Responsibilities
As an experienced member of the team, in this role, you will:
• Contribute to evolving the technical direction of analytical Systems and play a critical role their design and development
• You will research, design and code, troubleshoot and support. What you create is also what you own.
• You will focus on performance, cost efficiency, reliability, security and high availability of the products/modules and features that you own.
• Develop the next generation of automation tools for monitoring and measuring data quality, with associated user interfaces.

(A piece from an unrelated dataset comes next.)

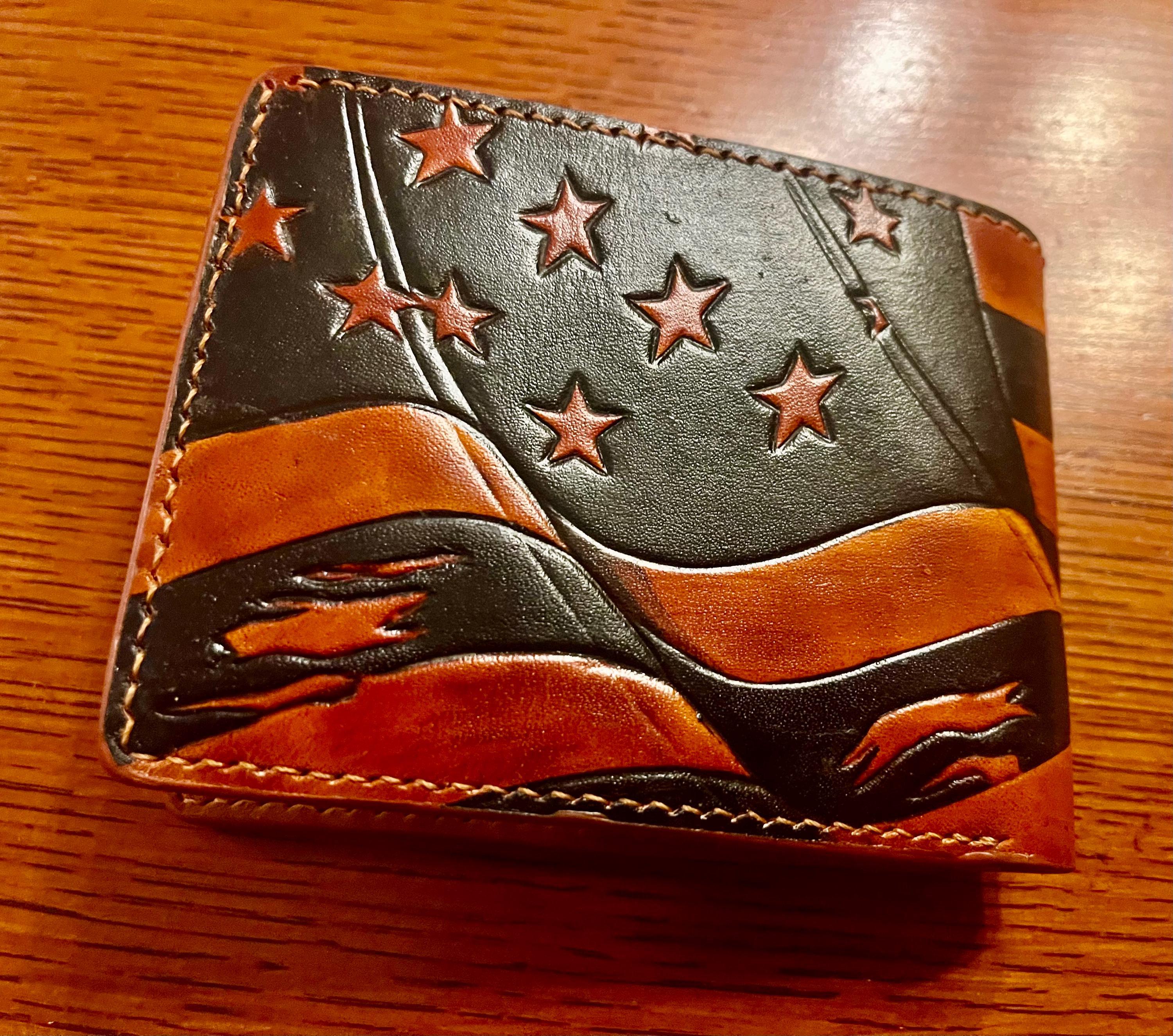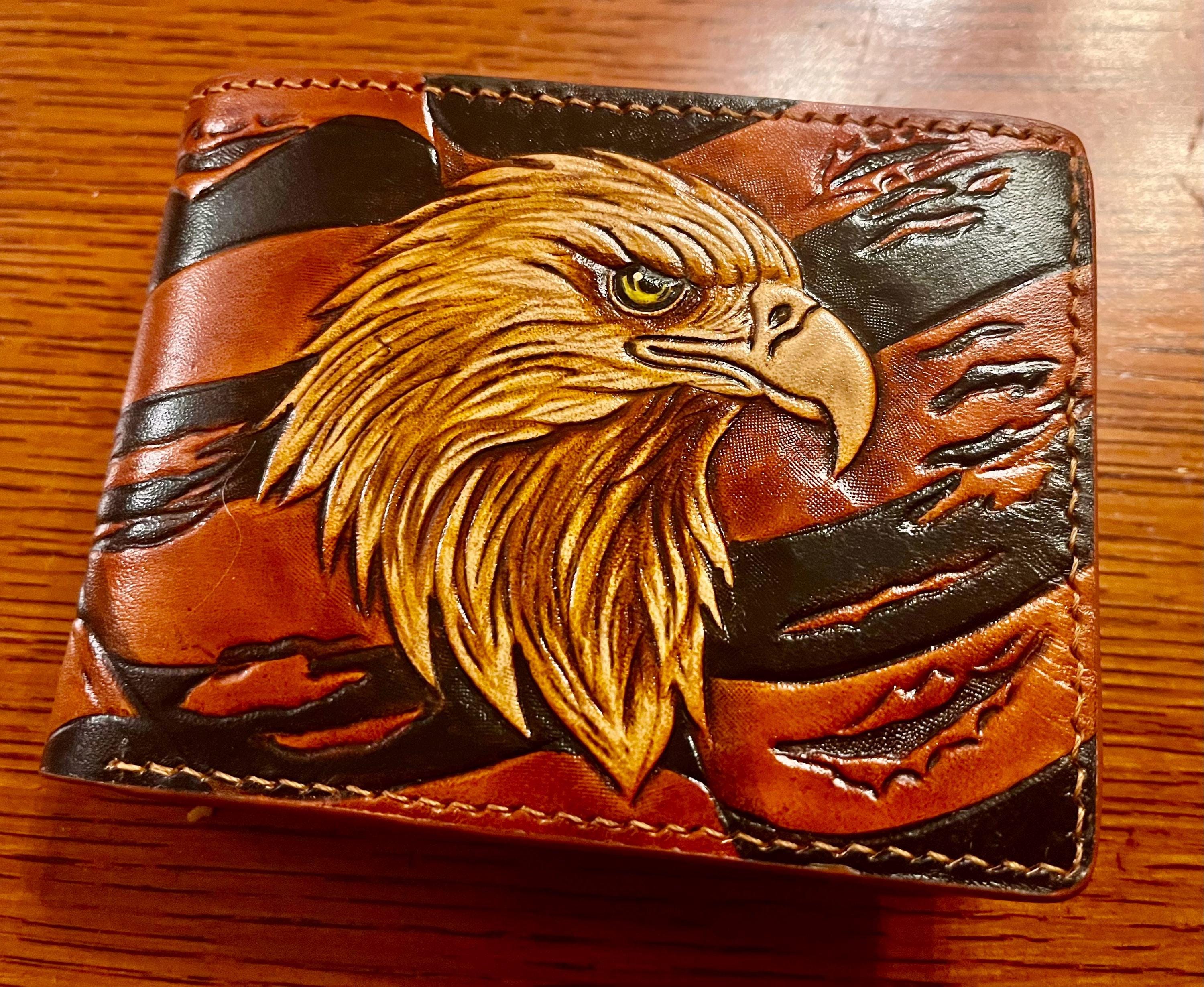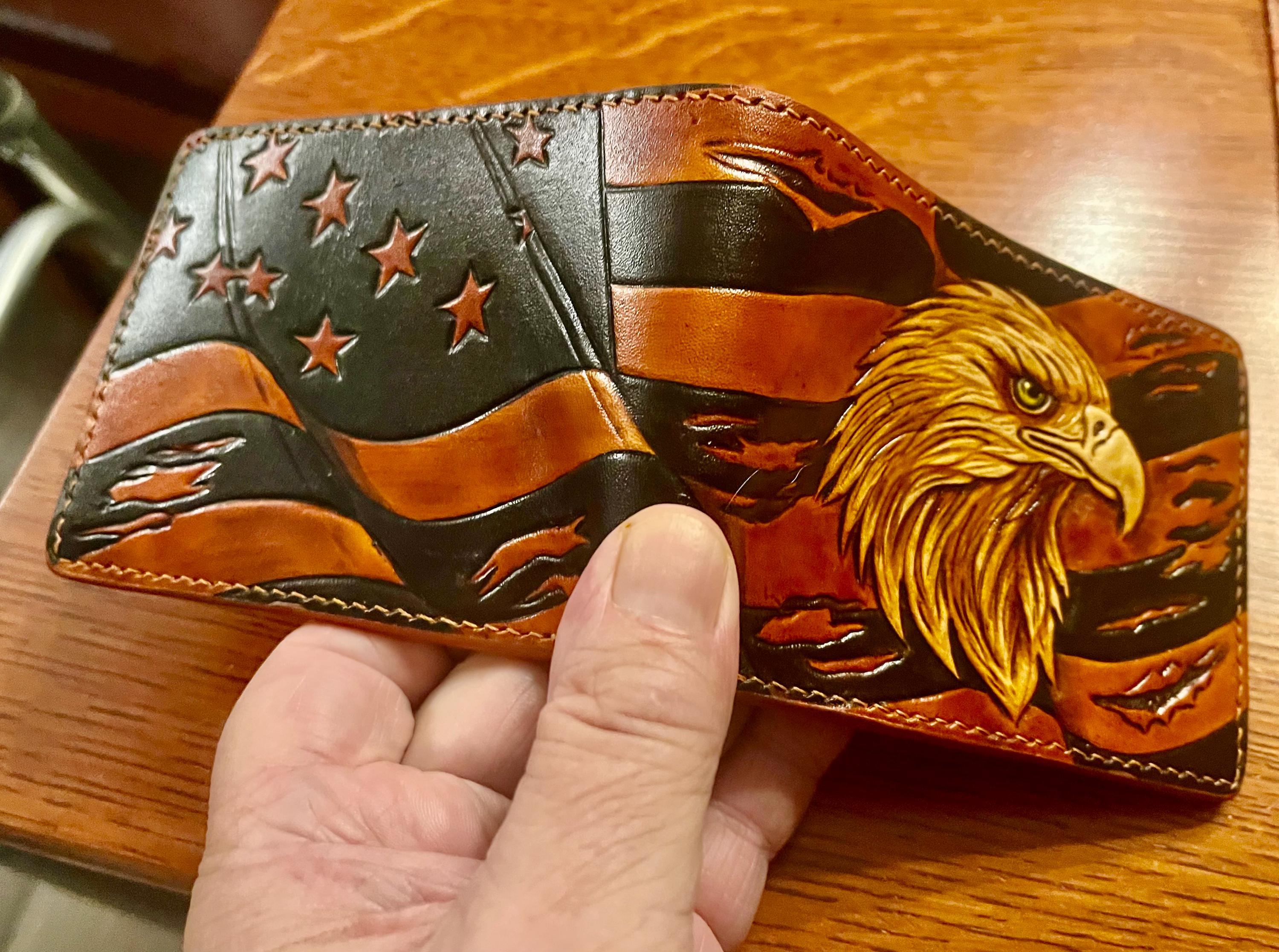 Experience the spirit of craftsmanship with this hand carved eagle and flag leather wallet, a true symbol of American pride and artisanal skill. Each billfold card holder is thoughtfully designed and crafted in Patchogue NY, blending functionality with a unique eagle flag design that makes it a standout men's stylish wallet. Whether you're searching for a leather wallet gift or a distinctive accessory for yourself, this piece embodies quality and tradition.

• Be able to broaden your technical skills and work in an environment that thrives on creativity, efficient execution, and product innovation.
BASIC QUALIFICATIONS
• Bachelor’s degree or higher in an analytical area such as Computer Science, Physics, Mathematics, Statistics, Engineering or similar.
• 5+ years relevant professional experience in Data Engineering and Business Intelligence
• 5+ years in with Advanced SQL (analytical functions, window functions, Rollups/Cubes, Complex joins, Complex scanning methods and Join methods), ETL, Data Warehousing.

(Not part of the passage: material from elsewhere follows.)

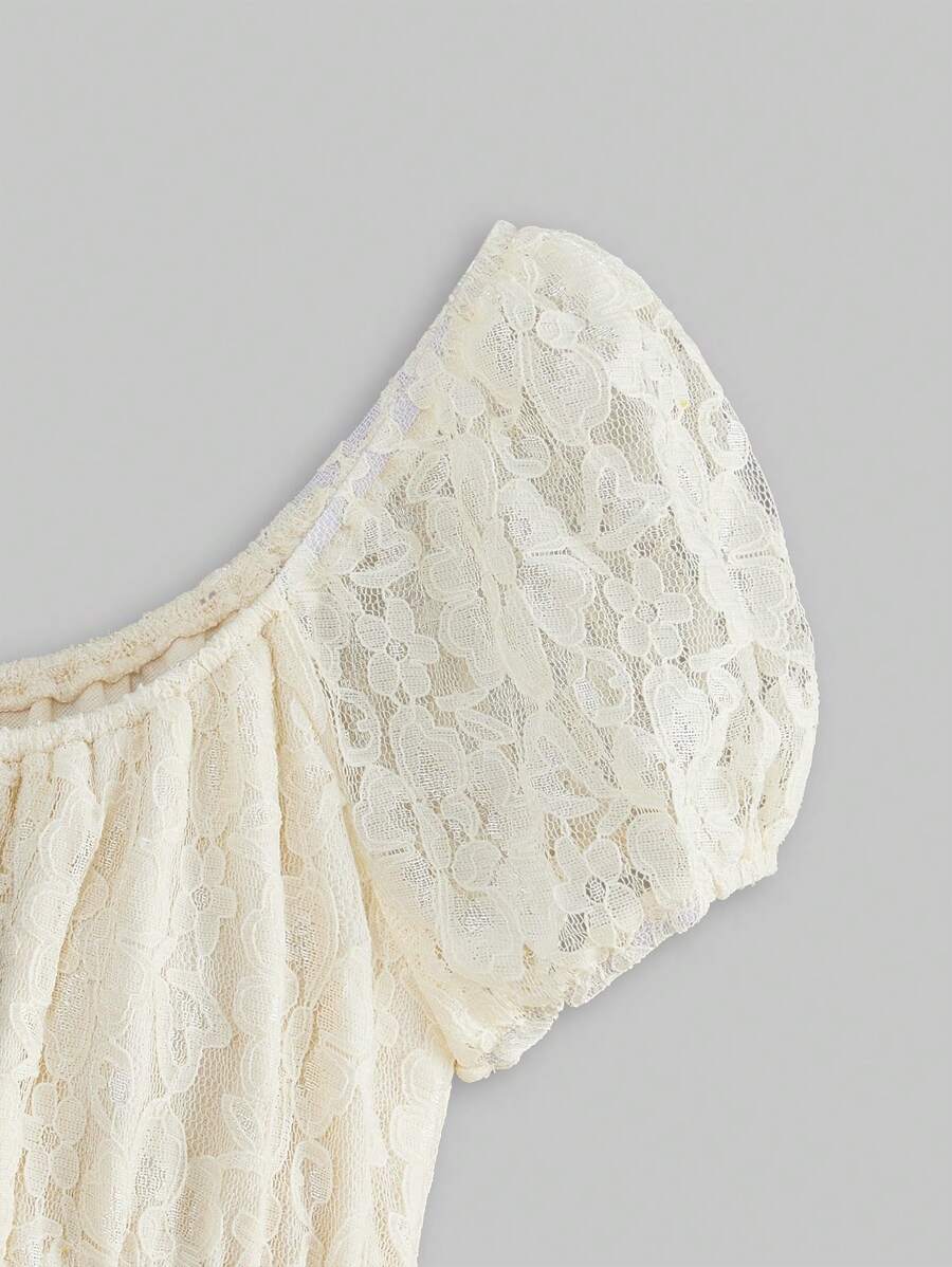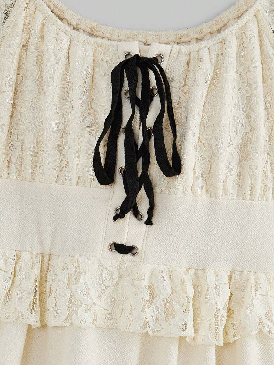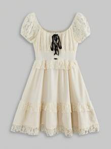J-Fashion Vintage Mori Style Puff Sleeve & Lace Splice Belted Dress For Women

• Strong knowledge of data warehousing concepts, including data warehouse technical architectures, infrastructure components, ETL/ ELT and reporting/analytic tools and environments, data structures, data modeling and performance tuning.
• Ability to effectively communicate with both business and technical teams.
• Excellent coding skills in Java, Python, C++, or equivalent object-oriented programming language
• Understanding of relational and non-relational databases & data stores
• Proficiency with at least one of these scripting languages: Perl / Python / Ruby / shell script
PREFERRED QUALIFICATIONS
• Experience with building data pipelines from application databases.
• Experience with AWS services - S3, Redshift Spectrum, EMR, Glue, Athena, ELK, AWS lambda and Step functions.
• Experience working with Data Lakes & Data Mesh.
• Experience providing technical leadership and mentor other engineers for the best practices on the data engineering space.
• Sharp problem-solving skills and ability to resolve ambiguous requirements.
• Experience on working with both structured & unstructured data at Big Data volume and internet scale.
• Knowledge and experience on working with Hive, Spark, Kafka & the Hadoop ecosystem.
• Knowledge and experience on coding with Pyspark, SparQL.
• Experience working with Data Science teams.